How Texas wants to save football from concussions

Players for Lampasas (Texas) High School (in blue) tackle a Fredericksburg High School player during a game in Lampasas. High school football is a core part of the state’s identity, and efforts to protect players – and the game – have grown.

Henry Gass/The Christian Science Monitor

November 23, 2018

It is 6:30 a.m. on a Monday, and the fields around this small town stir with cows, goats, and of course, the high school football team.

Nestled in the heart of Texas Hill Country, Fredericksburg could be any town in the state on this morning in early November. It’s the last week of the high school football regular season, and Lance Moffett, the Fredericksburg High School head football coach, is preparing for the make-or-break game to get his team into the playoffs.

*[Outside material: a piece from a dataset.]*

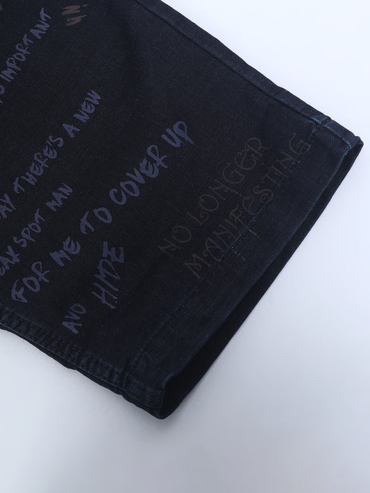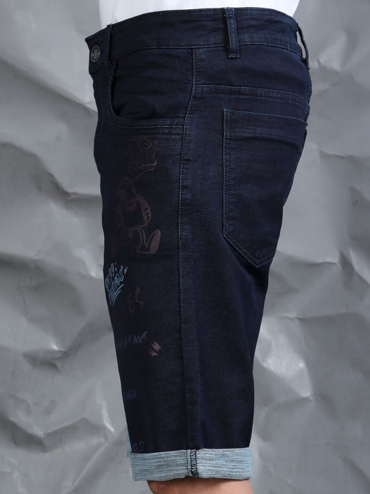 Cotton Navy Text Printed Casual Shorts

In some ways, Mr. Moffett experienced so many mornings like this one as a high-schooler outside Dallas in the 1980s. Yet the practices he runs are far removed from his high school days. Today, he is trying to save his state’s most beloved sport.

Why We Wrote This

Safety concerns have made high school football controversial. The view from Texas shows those challenges but also how the drive to make football safer has focused on saving the good the sport does.

Like in other high schools around the country at the time, Moffett was coached to lead with “the screws” of his helmet – hit head-first and hard, in other words – when tackling. He had five concussions that he’s certain about – the ones a doctor diagnosed – but it could be more.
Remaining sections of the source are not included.